### [Your objective]
Below are the records; output them exactly from the first line through the line with "Various types of", stopping there.

Stored entries
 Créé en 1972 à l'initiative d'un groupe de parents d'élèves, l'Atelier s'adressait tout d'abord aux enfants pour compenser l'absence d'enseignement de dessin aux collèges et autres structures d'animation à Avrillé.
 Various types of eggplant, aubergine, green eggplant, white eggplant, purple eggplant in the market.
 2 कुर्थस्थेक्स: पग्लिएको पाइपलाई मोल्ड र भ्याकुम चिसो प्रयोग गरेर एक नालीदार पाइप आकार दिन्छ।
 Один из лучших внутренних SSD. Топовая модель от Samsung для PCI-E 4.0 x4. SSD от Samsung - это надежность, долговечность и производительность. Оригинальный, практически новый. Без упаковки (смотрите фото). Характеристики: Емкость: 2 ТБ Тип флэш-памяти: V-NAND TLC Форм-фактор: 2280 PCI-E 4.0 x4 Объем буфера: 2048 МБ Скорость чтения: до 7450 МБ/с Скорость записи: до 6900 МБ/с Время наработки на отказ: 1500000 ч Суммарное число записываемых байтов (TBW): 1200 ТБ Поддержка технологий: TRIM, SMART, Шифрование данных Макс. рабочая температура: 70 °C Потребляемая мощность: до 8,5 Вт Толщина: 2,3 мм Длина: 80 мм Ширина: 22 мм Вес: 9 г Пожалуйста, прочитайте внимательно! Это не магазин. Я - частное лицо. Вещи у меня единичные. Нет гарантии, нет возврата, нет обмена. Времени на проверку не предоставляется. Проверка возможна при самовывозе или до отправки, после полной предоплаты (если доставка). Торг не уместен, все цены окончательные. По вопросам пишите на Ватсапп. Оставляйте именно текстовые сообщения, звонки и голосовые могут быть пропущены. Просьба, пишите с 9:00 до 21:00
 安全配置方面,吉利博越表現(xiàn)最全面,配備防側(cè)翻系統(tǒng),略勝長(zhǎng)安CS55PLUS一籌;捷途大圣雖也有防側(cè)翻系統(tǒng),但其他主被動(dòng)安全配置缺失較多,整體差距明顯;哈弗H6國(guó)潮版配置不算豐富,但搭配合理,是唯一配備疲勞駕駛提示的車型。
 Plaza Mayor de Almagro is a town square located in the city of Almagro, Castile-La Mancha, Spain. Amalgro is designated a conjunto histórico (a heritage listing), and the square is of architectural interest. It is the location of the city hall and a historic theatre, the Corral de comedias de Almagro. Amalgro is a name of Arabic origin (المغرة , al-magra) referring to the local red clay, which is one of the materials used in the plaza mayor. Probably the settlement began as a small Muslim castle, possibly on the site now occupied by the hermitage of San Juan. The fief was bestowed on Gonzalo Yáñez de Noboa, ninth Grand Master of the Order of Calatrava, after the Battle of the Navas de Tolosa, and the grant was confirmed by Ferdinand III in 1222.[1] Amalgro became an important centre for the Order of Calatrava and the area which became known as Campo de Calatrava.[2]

### [Answer section]
 Créé en 1972 à l'initiative d'un groupe de parents d'élèves, l'Atelier s'adressait tout d'abord aux enfants pour compenser l'absence d'enseignement de dessin aux collèges et autres structures d'animation à Avrillé.
 Various types of eggplant, aubergine, green eggplant, white eggplant, purple eggplant in the market.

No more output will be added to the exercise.